Inheritance is a natural, legal, and constitutional right of all heirs. Compelling anyone to relinquish the same without any valid reason or justification is not only illegal but inherently wrong and immoral as well.
The process of paying debts and liabilities and transfer of all assets of the deceased is known as "Settlement of Estate". The basic premise is:
All heirs acquired equal rights as joint owners in the entire estate of the deceased;
Transfer of title of each asset is a mandatory step for any heir to be legally use, possess, transfer and/or receive proceeds from any asset;
All heirs are in fiduciary relationship with each other till transfer is complete;
Will is not the primary document of title transfer; and
Seeking Partition is a right of every heir which he/she may exercise at any time immediately after passing away of the deceased owner.
Settlement of Estate "by Agreement" in 7 easy Steps
Step 1 - Execution of Legal Heir Settlement Agreement
"Family Settlement Agreement" or "Legal Heirs Agreement" is an arrangement whereby members of a family decide to amicably settle the disputes between them in regard to the properties and assets owned by the family. The said agreement consists of -
All assets and liabilities of the deceased owner;
Individual share of all heirs in the estate;
Appointing one individual/heir to act as administrator or facilitator for settling the estate;
Authorizing administrator to pay debts and liabilities of the deceased; and
Transferring ownership of assets of deceased to his/her heirs.

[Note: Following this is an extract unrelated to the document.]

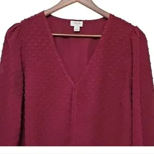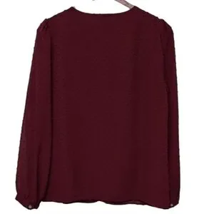 J. Crew Women's V-neck Clip-Dot Burgundy Blouse Size S

The said agreement may be verbal or in writing, but no transfer of immovable asset is valid till title transfer is registered with office of public records, i.e. office of sub-registrar.
No agreement or transfer deed is valid until terms and conditions of the same are fair and equitable, and consent is obtained without undue influence, duress, fraud, suppression or misrepresentation of material facts.
“Will” is not the primary document for transfer of assets. It must be accompanied by either court order or consent of all heirs that each one of them relinquishes his/her right to contest the "Will".
In states, like Delhi, where probate is not mandatory, when any heir challenges validity and proper execution of alleged Will, no transfer of title may occur without obtaining court order.
Step 2: Opening of Estate Trust Account in any financial institution
The legal heirs are required to open a trust account in the name of the estate in any financial institution for depositing all of his/her cash assets, and paying his/her debts and liabilities.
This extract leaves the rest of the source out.